The stretch from the line with "La Médiathèque du" through the line with "Poner pegamento caliente" in the records below: write it out exactly, and nothing else.

> [Dataset records]:
▼

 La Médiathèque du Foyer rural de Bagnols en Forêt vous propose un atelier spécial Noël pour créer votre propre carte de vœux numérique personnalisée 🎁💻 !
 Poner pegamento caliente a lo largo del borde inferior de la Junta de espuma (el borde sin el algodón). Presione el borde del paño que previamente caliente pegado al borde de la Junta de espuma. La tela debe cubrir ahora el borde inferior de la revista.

▲
▼

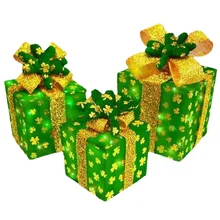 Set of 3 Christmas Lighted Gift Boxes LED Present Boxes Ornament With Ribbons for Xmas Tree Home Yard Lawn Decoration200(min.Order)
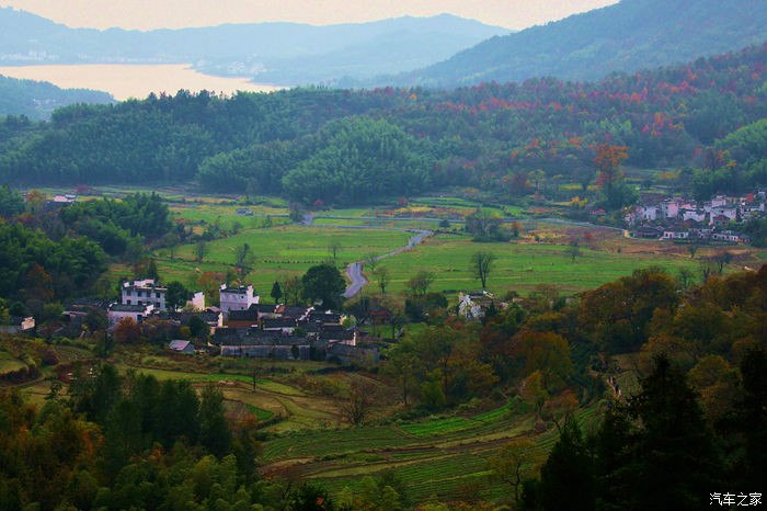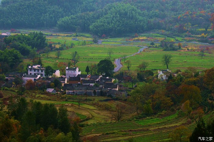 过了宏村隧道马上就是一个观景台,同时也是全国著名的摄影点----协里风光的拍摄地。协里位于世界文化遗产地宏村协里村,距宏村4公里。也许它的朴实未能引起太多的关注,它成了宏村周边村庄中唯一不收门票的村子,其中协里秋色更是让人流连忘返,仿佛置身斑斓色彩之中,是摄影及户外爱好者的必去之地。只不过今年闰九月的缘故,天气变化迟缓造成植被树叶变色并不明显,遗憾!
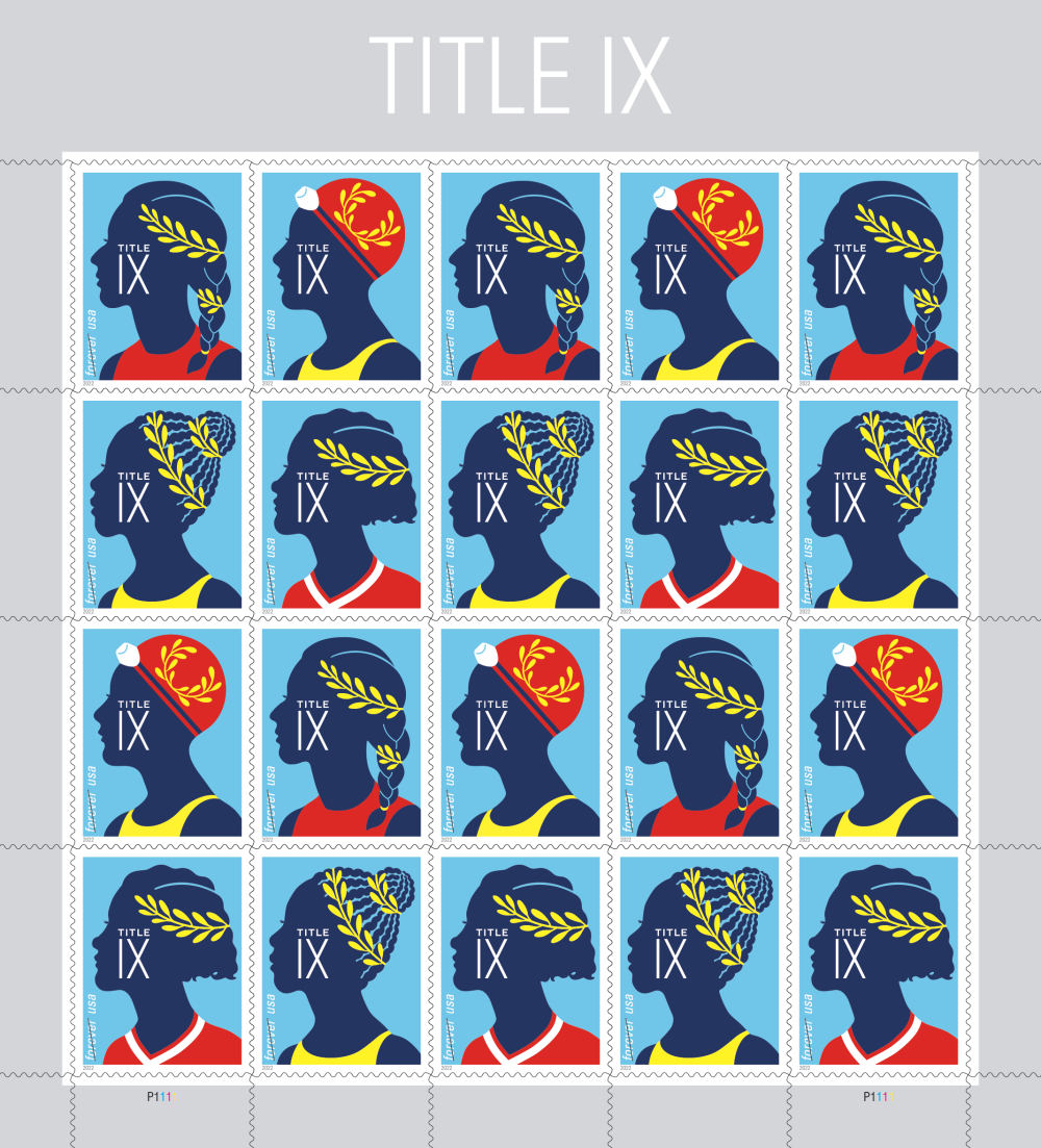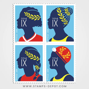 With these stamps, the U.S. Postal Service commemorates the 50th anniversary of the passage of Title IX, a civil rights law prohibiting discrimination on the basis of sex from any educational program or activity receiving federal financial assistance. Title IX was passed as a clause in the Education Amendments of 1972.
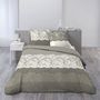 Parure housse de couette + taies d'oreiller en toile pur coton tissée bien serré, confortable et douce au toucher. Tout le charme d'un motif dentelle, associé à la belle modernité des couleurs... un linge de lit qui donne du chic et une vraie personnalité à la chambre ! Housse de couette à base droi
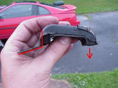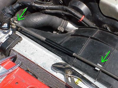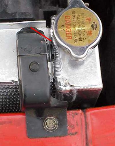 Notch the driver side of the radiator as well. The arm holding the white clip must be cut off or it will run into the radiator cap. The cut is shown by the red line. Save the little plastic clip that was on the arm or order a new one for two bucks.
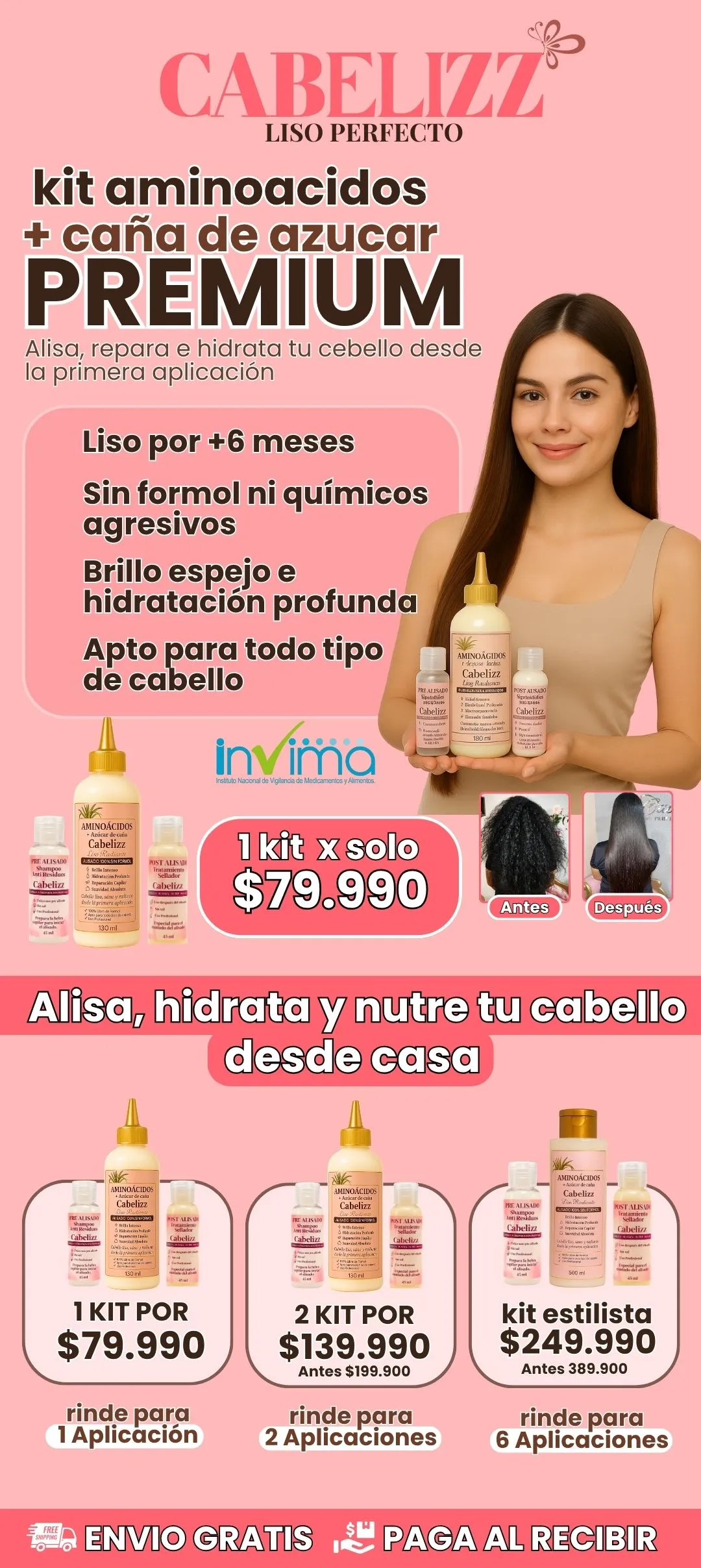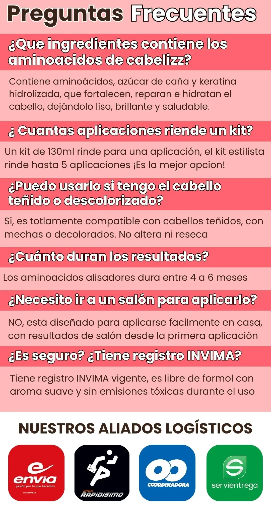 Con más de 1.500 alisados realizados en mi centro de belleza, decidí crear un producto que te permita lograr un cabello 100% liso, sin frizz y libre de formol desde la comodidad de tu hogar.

▲
▼

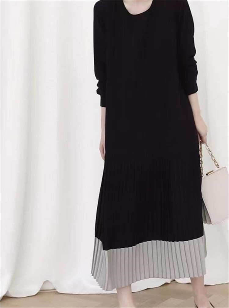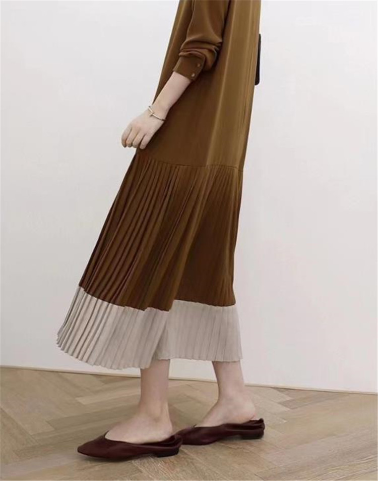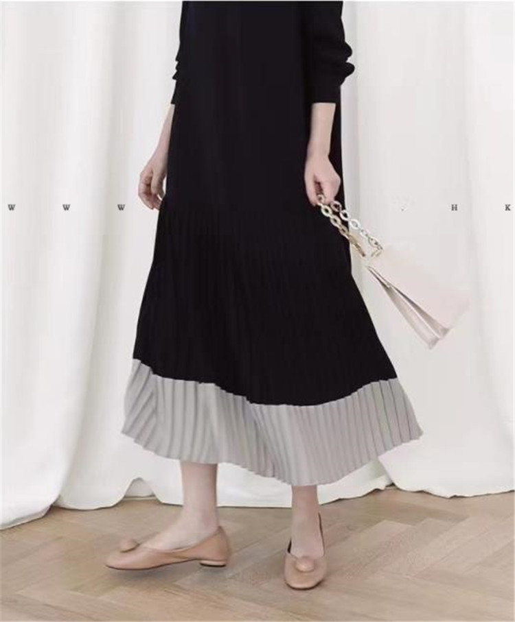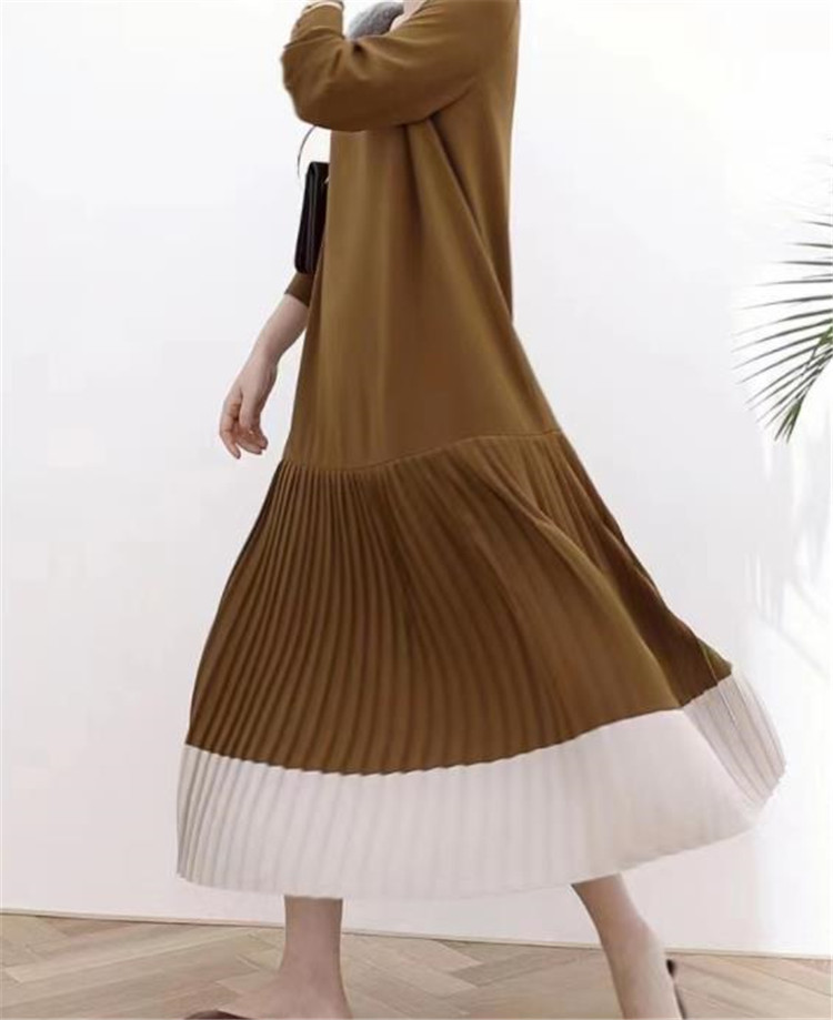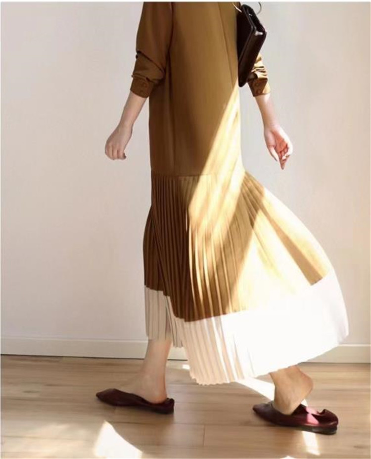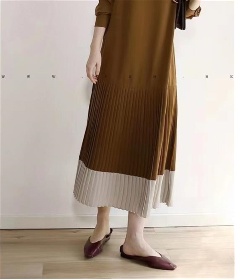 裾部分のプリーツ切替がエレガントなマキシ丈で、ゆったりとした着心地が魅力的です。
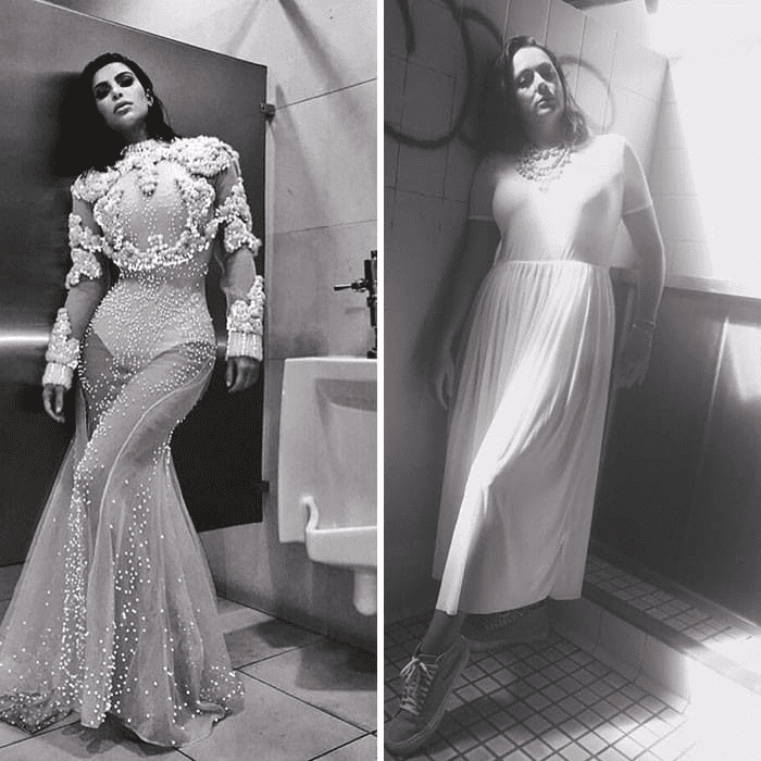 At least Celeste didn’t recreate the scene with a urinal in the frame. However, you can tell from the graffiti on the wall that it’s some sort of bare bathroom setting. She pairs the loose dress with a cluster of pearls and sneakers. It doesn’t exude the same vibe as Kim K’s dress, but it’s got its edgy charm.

▲

> [Result of the exercise]:
 La Médiathèque du Foyer rural de Bagnols en Forêt vous propose un atelier spécial Noël pour créer votre propre carte de vœux numérique personnalisée 🎁💻 !
 Poner pegamento caliente a lo largo del borde inferior de la Junta de espuma (el borde sin el algodón). Presione el borde del paño que previamente caliente pegado al borde de la Junta de espuma. La tela debe cubrir ahora el borde inferior de la revista.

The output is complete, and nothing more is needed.